§ **WHAT IS BEING ASKED**
Copy the lines from the start of the records below through the line containing "Г-образные гарнитуры состоят", both included, and leave out the pictures.
BEGIN EXTRACTED INFORMATION
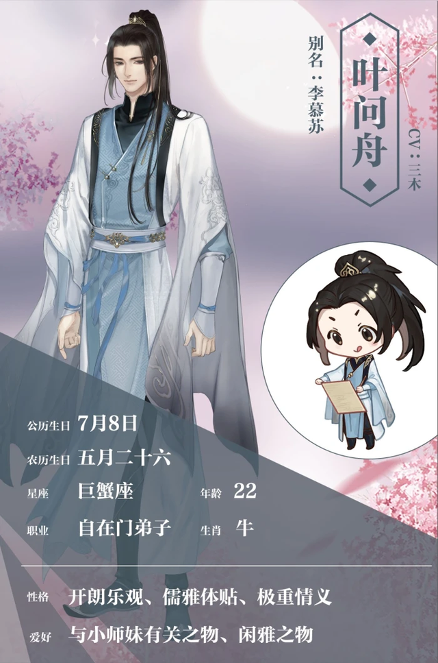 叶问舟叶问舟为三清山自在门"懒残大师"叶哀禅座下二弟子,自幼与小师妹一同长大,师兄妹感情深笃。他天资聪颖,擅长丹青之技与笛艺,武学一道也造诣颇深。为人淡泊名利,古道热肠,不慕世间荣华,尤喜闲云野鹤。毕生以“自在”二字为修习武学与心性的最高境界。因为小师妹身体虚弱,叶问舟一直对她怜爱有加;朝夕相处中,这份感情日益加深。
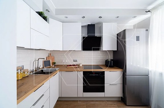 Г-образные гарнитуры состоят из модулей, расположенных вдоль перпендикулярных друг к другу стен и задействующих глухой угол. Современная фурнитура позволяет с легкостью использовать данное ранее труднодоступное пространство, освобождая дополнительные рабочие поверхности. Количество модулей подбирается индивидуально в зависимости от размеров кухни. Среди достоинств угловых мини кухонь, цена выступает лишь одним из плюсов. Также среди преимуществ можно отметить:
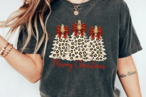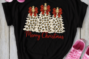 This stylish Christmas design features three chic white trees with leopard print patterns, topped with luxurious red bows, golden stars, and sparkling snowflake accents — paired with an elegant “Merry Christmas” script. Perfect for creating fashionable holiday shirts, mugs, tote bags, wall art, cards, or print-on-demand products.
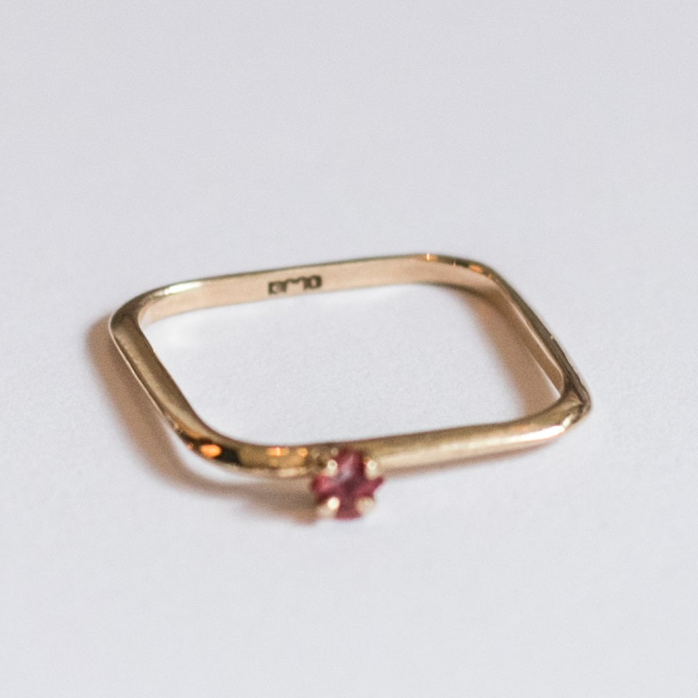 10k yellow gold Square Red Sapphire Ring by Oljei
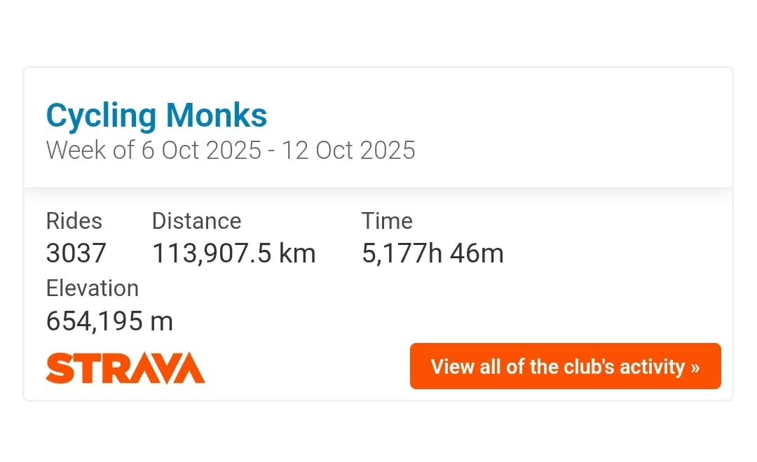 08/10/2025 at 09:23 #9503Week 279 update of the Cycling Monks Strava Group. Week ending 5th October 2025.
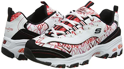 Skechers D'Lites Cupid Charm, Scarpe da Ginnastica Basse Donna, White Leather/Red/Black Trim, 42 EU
END EXTRACTED INFORMATION
§ **TASK OUTPUT**
 叶问舟叶问舟为三清山自在门"懒残大师"叶哀禅座下二弟子,自幼与小师妹一同长大,师兄妹感情深笃。他天资聪颖,擅长丹青之技与笛艺,武学一道也造诣颇深。为人淡泊名利,古道热肠,不慕世间荣华,尤喜闲云野鹤。毕生以“自在”二字为修习武学与心性的最高境界。因为小师妹身体虚弱,叶问舟一直对她怜爱有加;朝夕相处中,这份感情日益加深。
 Г-образные гарнитуры состоят из модулей, расположенных вдоль перпендикулярных друг к другу стен и задействующих глухой угол. Современная фурнитура позволяет с легкостью использовать данное ранее труднодоступное пространство, освобождая дополнительные рабочие поверхности. Количество модулей подбирается индивидуально в зависимости от размеров кухни. Среди достоинств угловых мини кухонь, цена выступает лишь одним из плюсов. Также среди преимуществ можно отметить:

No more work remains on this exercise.